--- Supplied material Enclosed Below ---

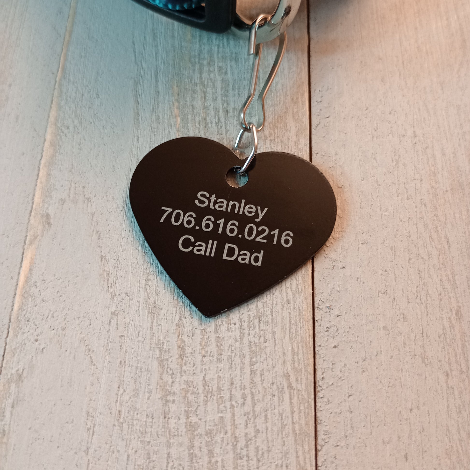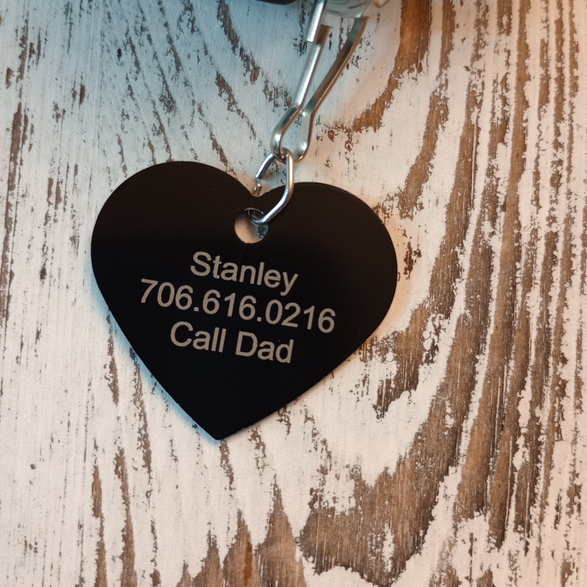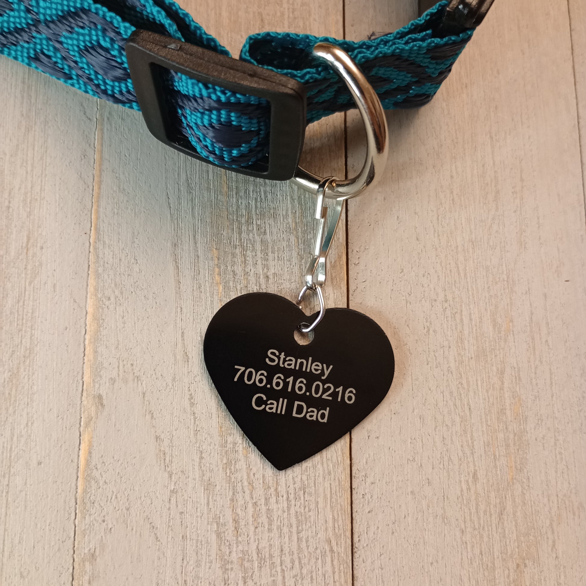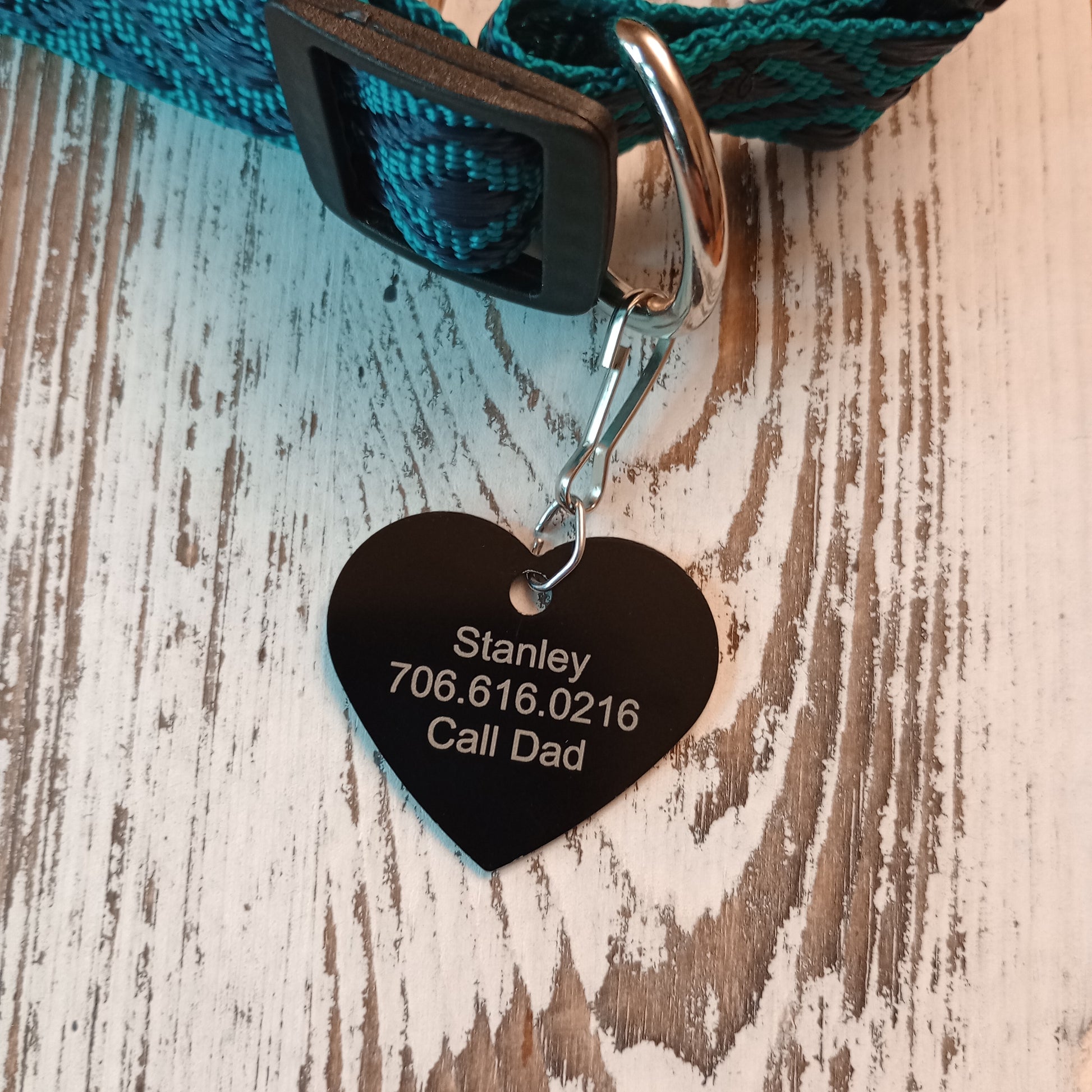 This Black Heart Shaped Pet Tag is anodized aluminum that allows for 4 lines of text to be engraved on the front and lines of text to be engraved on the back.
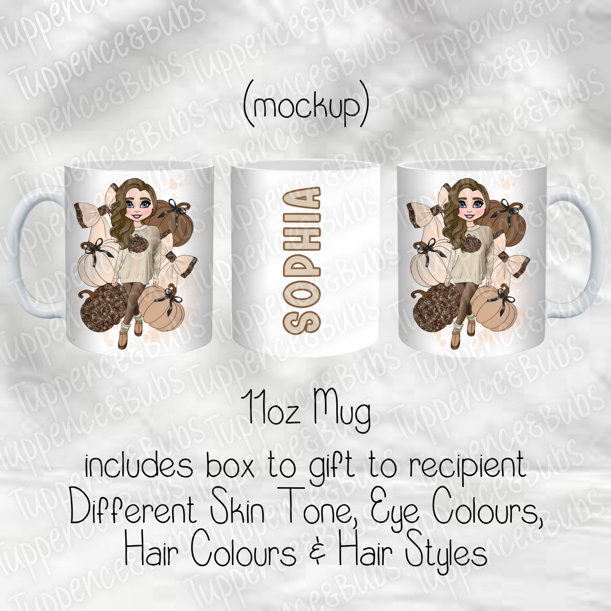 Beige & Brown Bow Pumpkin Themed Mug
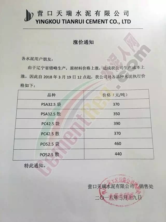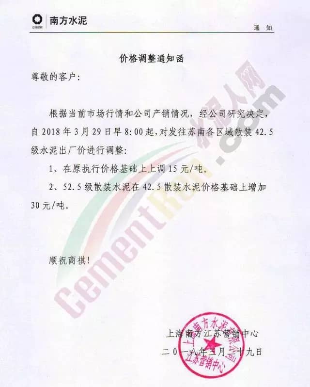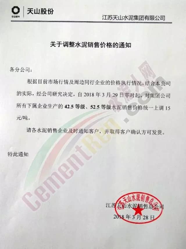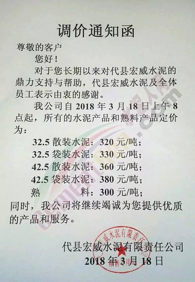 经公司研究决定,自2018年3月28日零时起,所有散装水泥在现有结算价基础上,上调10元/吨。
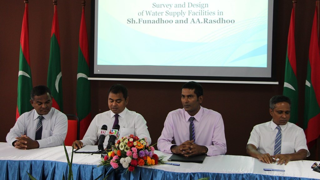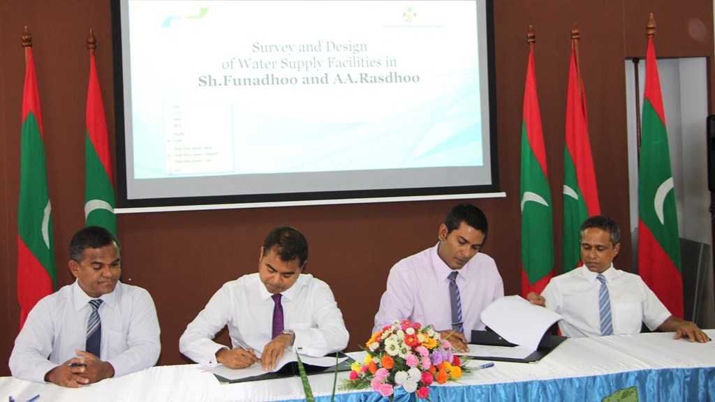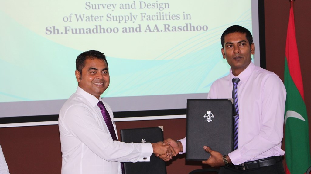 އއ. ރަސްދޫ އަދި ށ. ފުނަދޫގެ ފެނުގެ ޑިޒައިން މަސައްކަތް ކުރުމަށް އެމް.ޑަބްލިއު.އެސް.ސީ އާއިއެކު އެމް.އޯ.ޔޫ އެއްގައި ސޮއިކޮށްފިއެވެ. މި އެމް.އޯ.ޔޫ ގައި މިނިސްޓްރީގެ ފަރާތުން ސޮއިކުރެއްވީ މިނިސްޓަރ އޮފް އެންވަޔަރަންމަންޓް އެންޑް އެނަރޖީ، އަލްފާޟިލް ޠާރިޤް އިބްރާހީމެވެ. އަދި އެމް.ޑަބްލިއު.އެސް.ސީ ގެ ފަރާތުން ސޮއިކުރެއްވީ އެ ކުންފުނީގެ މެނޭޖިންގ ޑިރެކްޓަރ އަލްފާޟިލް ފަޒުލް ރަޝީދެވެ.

--- End of Enclosed Supplied material ---

Problem = Starting with the opening line of the listing, write out each line exactly until the line that contains "经公司研究决定,自2018年" has been included; skip the pictures.

Written solution =
 This Black Heart Shaped Pet Tag is anodized aluminum that allows for 4 lines of text to be engraved on the front and lines of text to be engraved on the back.
 Beige & Brown Bow Pumpkin Themed Mug
 经公司研究决定,自2018年3月28日零时起,所有散装水泥在现有结算价基础上,上调10元/吨。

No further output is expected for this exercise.